The Universal Asynchronous Receiver/Transmitter (UART) is probably one of the most ubiquitous peripherals found on microcontrollers. It can be used to implement serial transmission standards such as RS-232 or EIA232F, or connect the microcontroller to devices like LCD displays or bar code scanners. While high-speed serial standards such as USB and Firewire have largely replaced the older protocols, UARTs are still used to provide a simple, inexpensive interface to devices that don’t necessarily have to transmit and receive data at high speeds.
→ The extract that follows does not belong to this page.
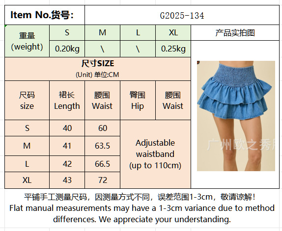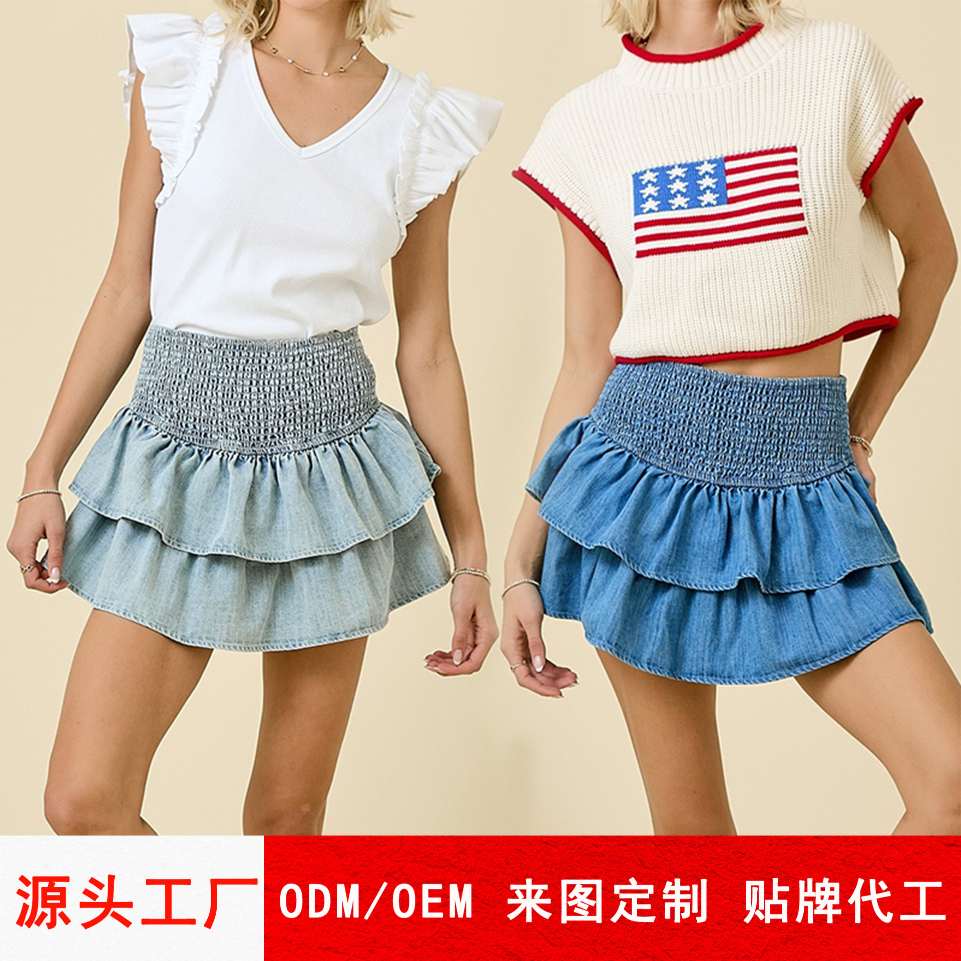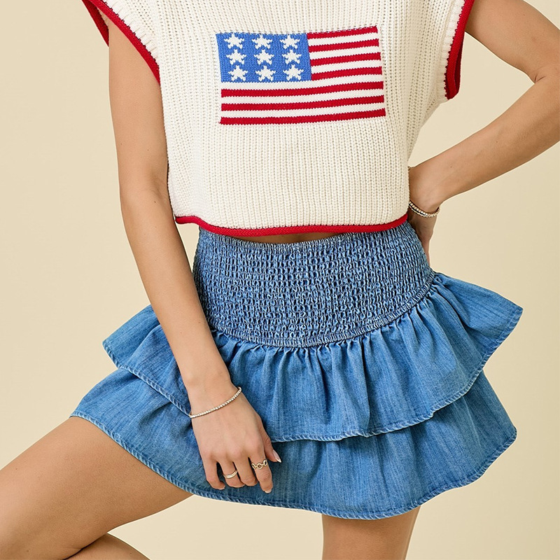 2026 봄/여름 크로스보더 미니스커트, 독립 사이트, 아메리칸 스타일의 순수하고 섹시한 디자인, 허리를 잘록하게 잡아주는 데님 케이크 스커트스토어 가기
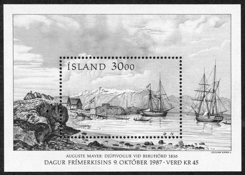 The stamp is designed after an illustration made by Auguste Mayer in the book, Voyage en Islande et au Groënland exécuté pendant les années 1835 et 1836 sur la corvette La RECHERCHE written by the Frenchman Paul Gaimard. More on the Le RECHERCHE is given on:viewtopic.php?f=2&t=13089&p=19273&hilit ... che#p19273

Asynchronous start-stop communication is done without a clock signal. Rather than using a dedicated clock line, which adds pins, special bits are added to the data being sent to tell the receiver when the data is starting and stopping. Parity bits, like those discussed in Chapter 7, can be added to the transmission. Long ago, these options were all controlled by hardware, through either switches or jumpers. With modern systems, software controls these choices. Table 16.1 shows the options available for character length, stop bits, parity, and break control. You can find more detailed information on UARTs and asynchronous serial ports in (Clements 2000) and (Kane et al. 1981).

16.2.2 The Memory Map

Peripherals on the LPC2104 are memory-mapped, meaning that their configuration registers, receive and transmit buffers, status registers, etc., are each mapped to an address. Accessing peripherals is actually just as easy as accessing a memory block. You can use LDR and STR instructions just as you would if you were writing a value to memory; although, you should be aware that some peripherals are sensitive to reads and writes. For example, a memory-mapped register may automatically clear its contents after being read.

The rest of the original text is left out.